**Data:**
•••

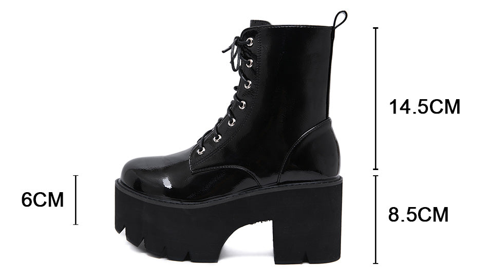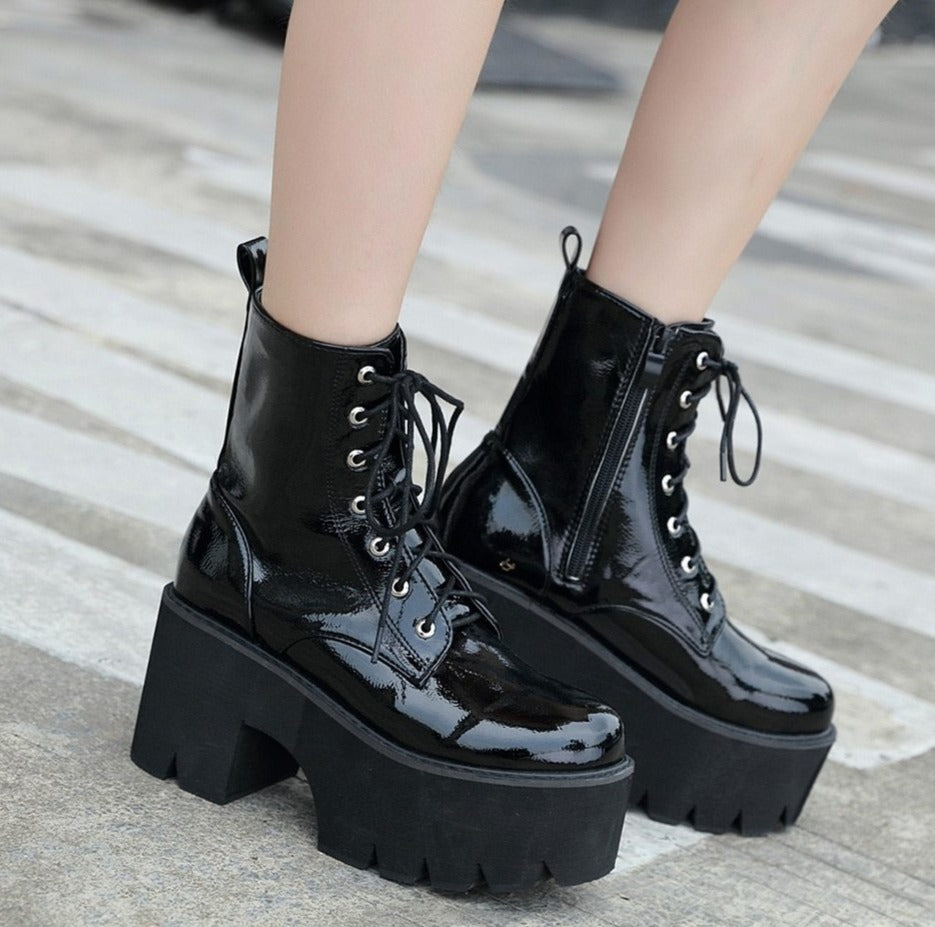 Ladies Chunky Wedge Platform Black Patent Leather Ankle Boots
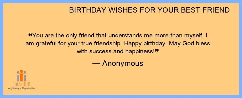 You are the only friend that understands me more than myself. I am grateful for your true friendship. Happy birthday. May God bless with success and happiness!
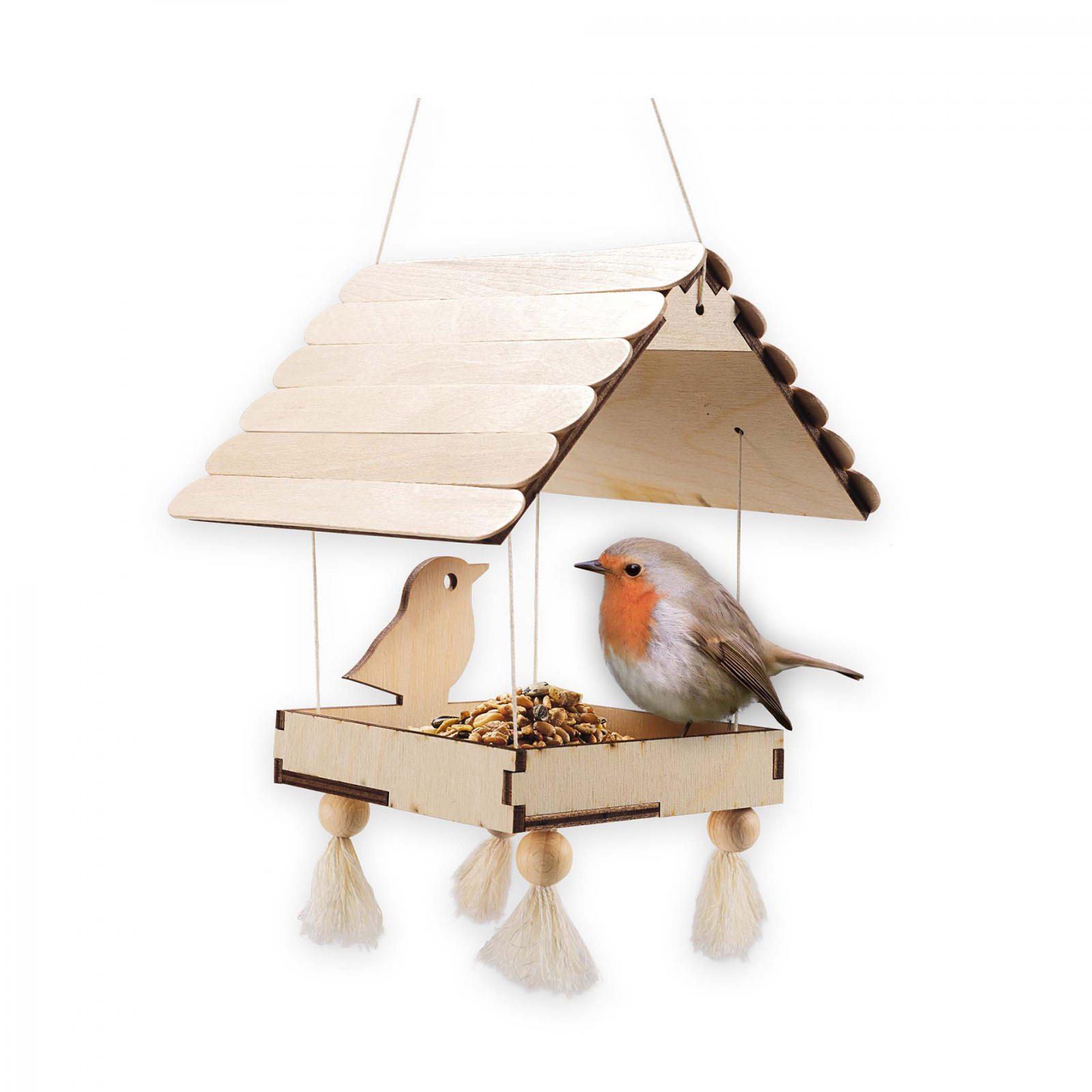 Acum va puteti construi propria casuta de hranire din lemn pentru pasari. Urmati pasii simpli pentru a asambla casuta de hranire. Agatati casuta afara, dar nu uitati sa adaugati putina hrana pentru pasari inainte de a face acest lucru. Contine: piese din lemn; fire de bumbac; margele de lemn; lipici si pensula. Dimensiuni: 30 x 20 x 4 cm.
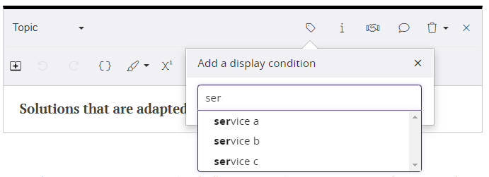 - In the 'Display Conditions' box, enter the keyword corresponding to the answer you want to link to the content and then click on 'Enter'.
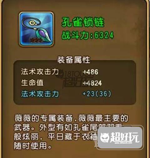 孔雀锁链,薇薇的专属装备,薇薇最主要的武器。外型有如孔雀尾部羽毛一般炫丽,平日藏于衣袖内,方便随时使用。
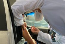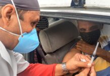 A imunização ocorre em horários pré-determinados, em seis pontos de drive-thru espalhados pela cidade
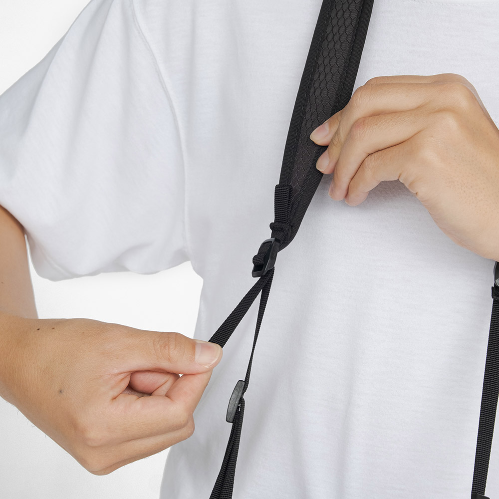 汗をかいてもベタつきにくい通気性に優れたカメラストラップ。軽量で保水しにくいメッシュ生地を使用。#1133383 フォトウォーカーパック30(別売)のショルダーハーネスに取り付け可能。丸洗いできます。
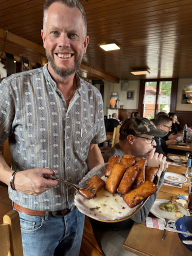 After 33 years, we were finally able to return to one of the most memorable experiences we have ever had. Up the mountain, along a thrilling windy road, through the woods, to a little farm outside of St. Croix , is a little bit of heaven. A farm that started making Cheese Beignets years ago, that has evolved into a wonderful little chalet café. You are immersed in a warm, cozy, relaxing environment, surrounded by the farm and filled with authentic Swiss cow bells. The Cheese Beignets are hot, light, and amazingly full of flavor. They serve you until you can't eat anymore. I had a nice amber Swiss beer and my wife had local red wine. And don't miss the short hike up the rest of the hill where a viewpoint is perched on a cliff overlooking the Swiss countryside, including Lake Neuchatel and Lake...

•••

**Aim of the task:**
Leave the images aside and retype each line of the listing above exactly.

**Answer to this exercise:**
 Ladies Chunky Wedge Platform Black Patent Leather Ankle Boots
 You are the only friend that understands me more than myself. I am grateful for your true friendship. Happy birthday. May God bless with success and happiness!
 Acum va puteti construi propria casuta de hranire din lemn pentru pasari. Urmati pasii simpli pentru a asambla casuta de hranire. Agatati casuta afara, dar nu uitati sa adaugati putina hrana pentru pasari inainte de a face acest lucru. Contine: piese din lemn; fire de bumbac; margele de lemn; lipici si pensula. Dimensiuni: 30 x 20 x 4 cm.
 - In the 'Display Conditions' box, enter the keyword corresponding to the answer you want to link to the content and then click on 'Enter'.
 孔雀锁链,薇薇的专属装备,薇薇最主要的武器。外型有如孔雀尾部羽毛一般炫丽,平日藏于衣袖内,方便随时使用。
 A imunização ocorre em horários pré-determinados, em seis pontos de drive-thru espalhados pela cidade
 汗をかいてもベタつきにくい通気性に優れたカメラストラップ。軽量で保水しにくいメッシュ生地を使用。#1133383 フォトウォーカーパック30(別売)のショルダーハーネスに取り付け可能。丸洗いできます。
 After 33 years, we were finally able to return to one of the most memorable experiences we have ever had. Up the mountain, along a thrilling windy road, through the woods, to a little farm outside of St. Croix , is a little bit of heaven. A farm that started making Cheese Beignets years ago, that has evolved into a wonderful little chalet café. You are immersed in a warm, cozy, relaxing environment, surrounded by the farm and filled with authentic Swiss cow bells. The Cheese Beignets are hot, light, and amazingly full of flavor. They serve you until you can't eat anymore. I had a nice amber Swiss beer and my wife had local red wine. And don't miss the short hike up the rest of the hill where a viewpoint is perched on a cliff overlooking the Swiss countryside, including Lake Neuchatel and Lake...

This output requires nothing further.